Effect of Correlation Strength on Network Organization

Given our finding that the pattern of resting state correlations (strength, diversity, and network size) is altered in schizophrenia, it is natural to ask whether this predictive power is affected by the strength of the correlations. To address this question, we use a windowed thresholding approach as described in the Methods section and depicted in Fig 5A to determine the network size as a function of threshold range and then compare the set of curves from the controls to the set from the patients (Fig 5B) using FDA. The shape of these curves is significantly different as determined by non-parametric permutation testing, p = 5 × 10−5. Interestingly, the most significant discrepancies between the two curves occur for graphs derived from weak correlations (Fig 5B), suggesting that the topological distribution of weak connections is particularly sensitive to disease state.
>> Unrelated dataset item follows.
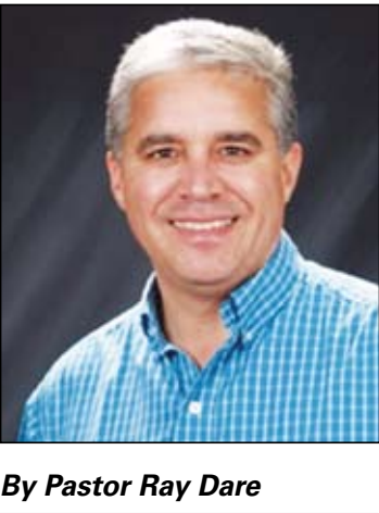
By Pastor Ray Dare

There are a lot of faulty misconceptions about prayer; a lot of ignorance about how prayer works and why we pray and when to pray. Some people think prayer is a magic wand. We kind of wave it at something and we get what we want. Some people think prayer is a first aid kit. For them, prayer is an act of desperation. It's like the sign for the fire extinguisher: "Use only in emergency". For some people, prayer is a tug of war where you have to beg and convince God to do something nice for you. The worst misconception about prayer is that prayer is simply a religious duty. The basic motivation behind prayer is guilt. If prayer is a duty for you, you have missed the total point of prayer. There are many purposes of prayer but here are the big three: Prayer is an act of dedication. It is an opportunity to express our devotion to God and our dependence upon God. It is an act of dedicating ourselves, saying, "God, I need You". The reason a lot of people don't pray is because of the cost. It costs honesty. You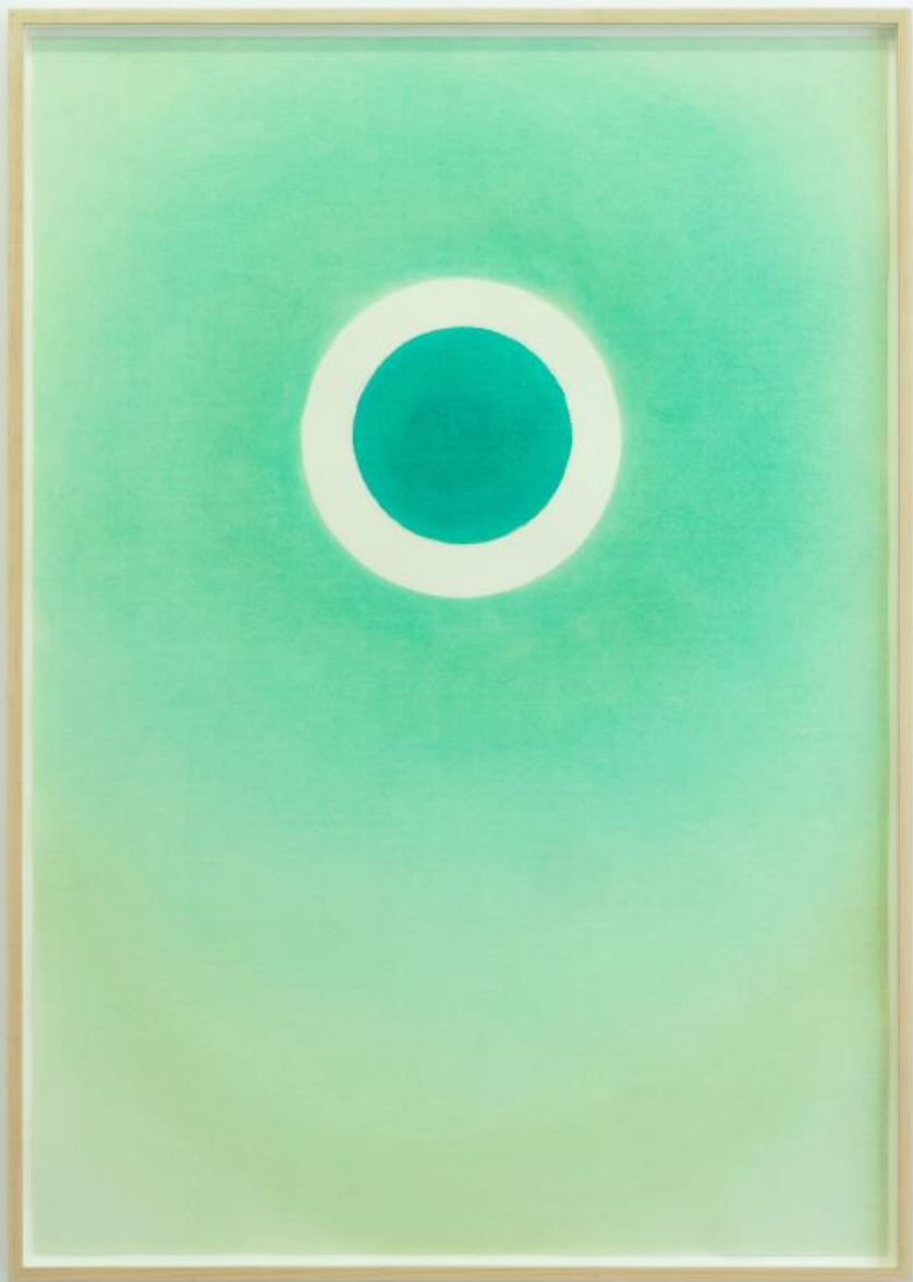
Chameleon series – Turquoise, 2023 Pastel on paper 102x72

To test this hypothesis, we used support vector machines to determine sensitivity to disease state, and found that the size of the graphs derived from weak correlations provide up to 75% classification accuracy, 85% sensitivity, and 64% specificity (Fig 5C). We note that the sensitivity of our findings (85%) is higher than that previously reported for other network classification efforts in Alzheimer’s disease (72%) (see Supekar et al. (2008)). Weak correlations were predominantly found between regions of low wavelet entropy and tended to link regions that were far apart in physical space (Fig 5D). The hubs of the weak correlation network included the olfactory cortex, temporal pole, angular gyrus, parahippocampus, amygdala, caudate, and pallidum (Fig 5E), which connected to a swath of posterior parietal cortex (Fig 5F). and their connectivity profiles in our patient cohort were significantly more diffuse (Fig 5G,H).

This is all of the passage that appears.